TASK PROMPT: Extract only the first line of the listing and every line after it up to and including the one with "nest beste hittil.". Omit the pictures.

DATA BLOCK:
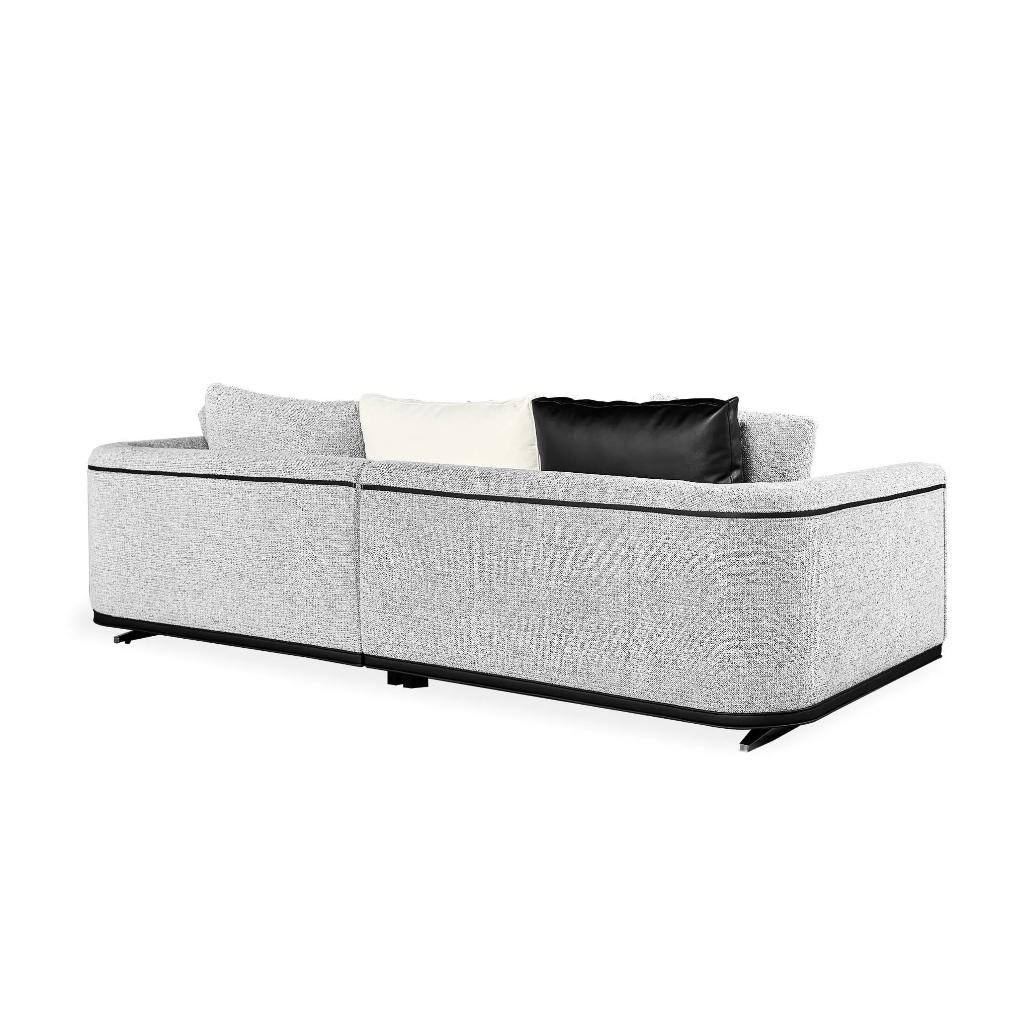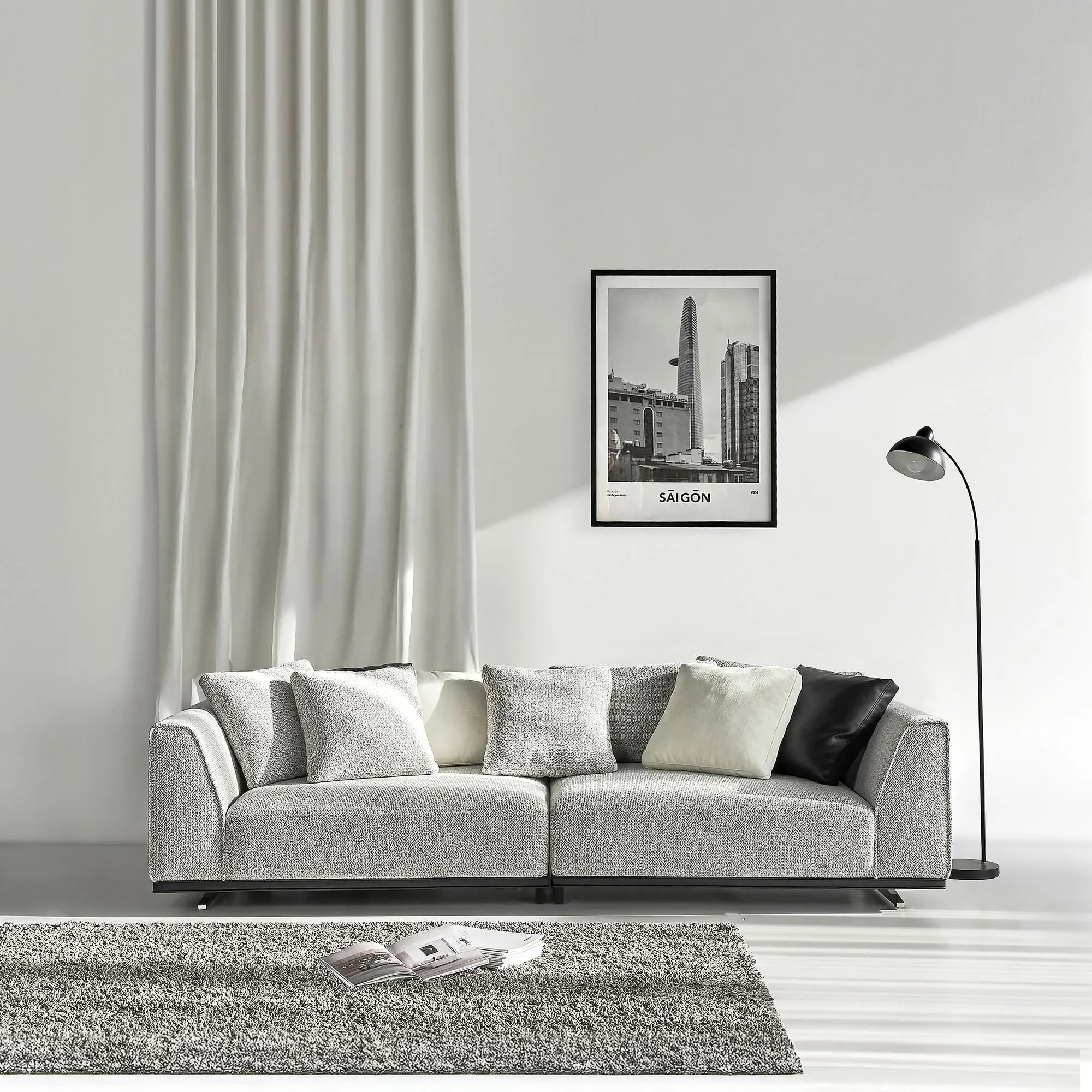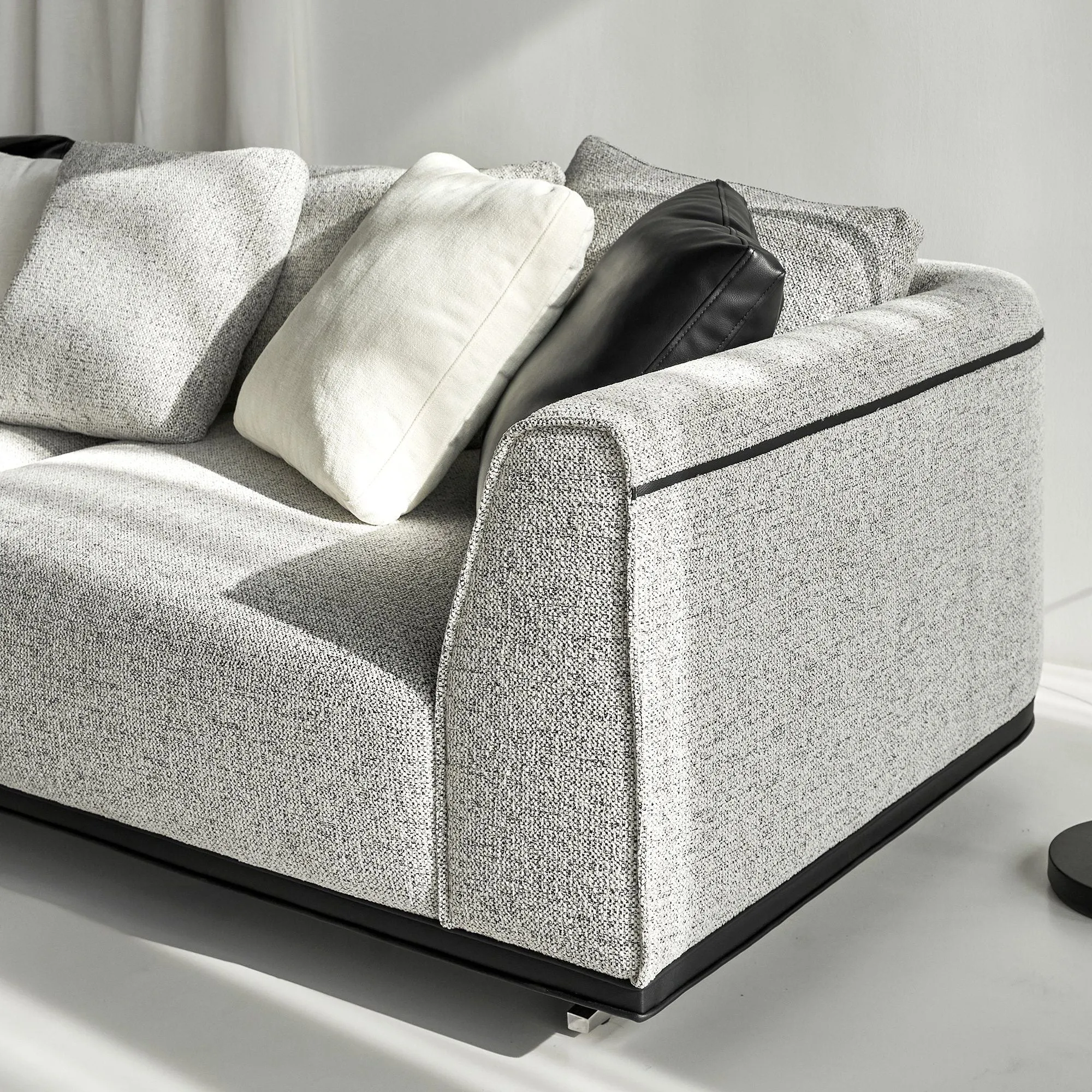Sự kết hợp hài hòa giữa vải và da, giữa các gam màu trắng, xám và đen, không chỉ làm tăng tính tiện nghi mà còn góp phần định hình phong cách cho không gian sống – một điểm nhấn thể hiện gu thẩm mỹ thời thượng và dễ dàng hòa hợp với nhiều phong cách nội thất khác nhau.
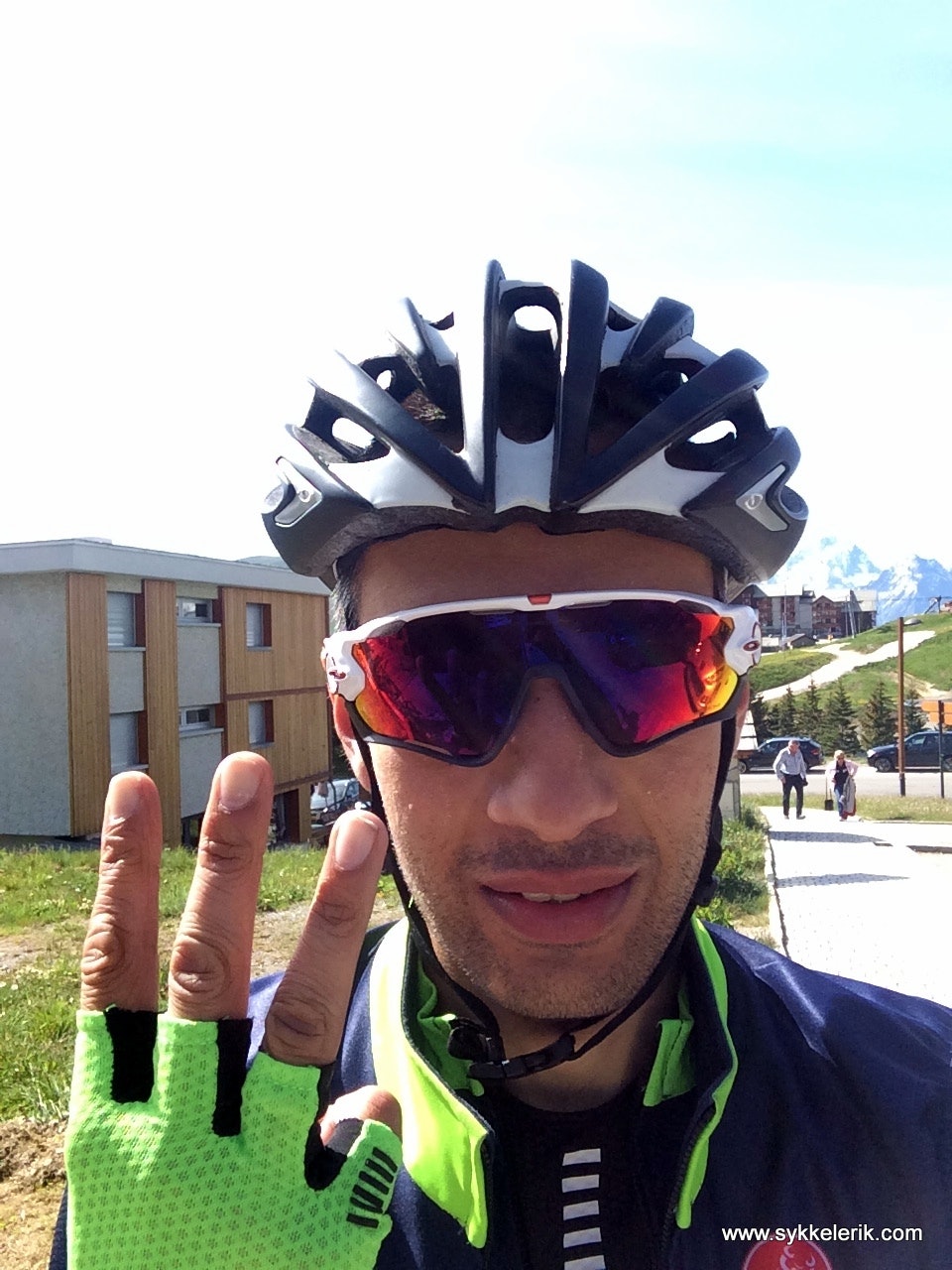 “Overmot står for fall”, heter det. Nå som forholdene tilsier kort-kort bekledning og himmelen er skyfri, klarer jeg ikke å la være å gønne på allerede fra første sving. Så fin og frisk som jeg føler meg, er altfor fristende å hele tiden prøve å ta igjen den neste ryggen foran meg. Og slik går det til omtrent halvveis, når jeg ser at jeg har tråkket for høy watt og varmen tar tak i meg. Jeg tåler varme som en isbjørn, og begynner å bli stresset over at jeg bare er halvveis. De mange hyggelige tilropene fra nederlenderne er likevel til stor hjelp, og jeg belønner meg selv med noen slurker vann rett før hver sving. Dermed kommer jeg nok en gang til Alpe d’Huez på en høyst respektabel tid, den nest beste hittil.
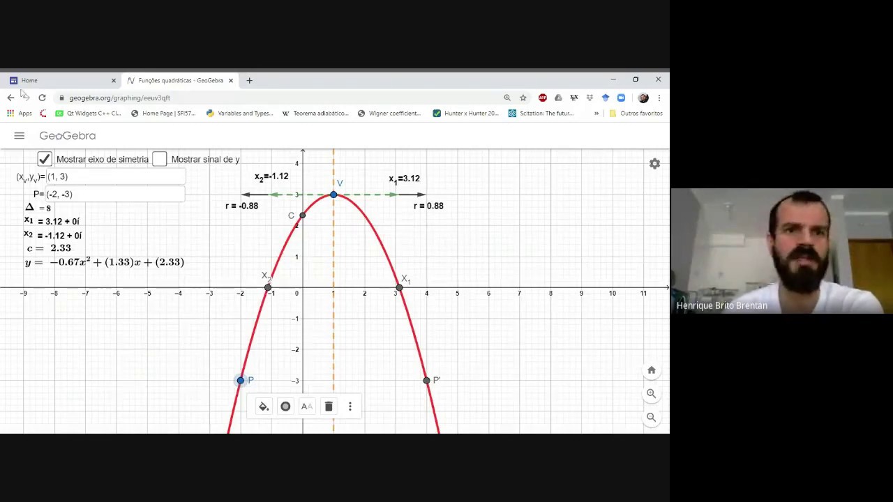 Faça gráficos de funções, plote pontos, visualize equações algébricas, adicione controles deslizantes,. Raízes ou zeros de uma função quadrática. A raízes ou zeros de uma função quadrática são os pontos onde o gráfico intercepta o eixo x. Insira sua função quadrática aqui. Ao invés de x², você pode usar x^2. Determine a função quadrática.
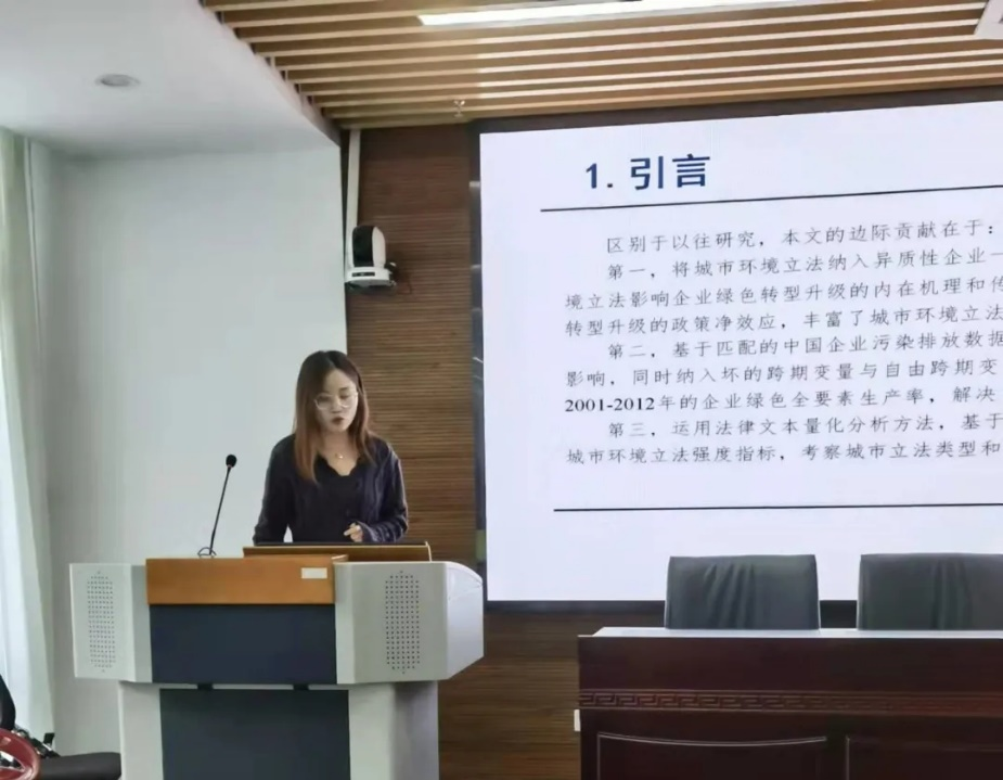余澜同学汇报的是《城市环境立法如何引导企业绿色转型?——基于企业绿色全要素生产率视角》。文章以松弛向量度量的DSBM模型测算得到的企业绿色全要素生产率作为衡量企业绿色转型的代理变量。以城市环境立法为准自然实验,将其纳入异质性企业一般均衡分析框架,揭示了其影响企业GTFP的内在机理。同时进行倾向得分匹配、安慰剂检验、考虑内生性及排除其它政策干扰等稳健性检验,在企业、行业、城市层面以及针对不同环境立法类型与立法强度展开异质性分析。

TASK SOLUTION:
Sự kết hợp hài hòa giữa vải và da, giữa các gam màu trắng, xám và đen, không chỉ làm tăng tính tiện nghi mà còn góp phần định hình phong cách cho không gian sống – một điểm nhấn thể hiện gu thẩm mỹ thời thượng và dễ dàng hòa hợp với nhiều phong cách nội thất khác nhau.
 “Overmot står for fall”, heter det. Nå som forholdene tilsier kort-kort bekledning og himmelen er skyfri, klarer jeg ikke å la være å gønne på allerede fra første sving. Så fin og frisk som jeg føler meg, er altfor fristende å hele tiden prøve å ta igjen den neste ryggen foran meg. Og slik går det til omtrent halvveis, når jeg ser at jeg har tråkket for høy watt og varmen tar tak i meg. Jeg tåler varme som en isbjørn, og begynner å bli stresset over at jeg bare er halvveis. De mange hyggelige tilropene fra nederlenderne er likevel til stor hjelp, og jeg belønner meg selv med noen slurker vann rett før hver sving. Dermed kommer jeg nok en gang til Alpe d’Huez på en høyst respektabel tid, den nest beste hittil.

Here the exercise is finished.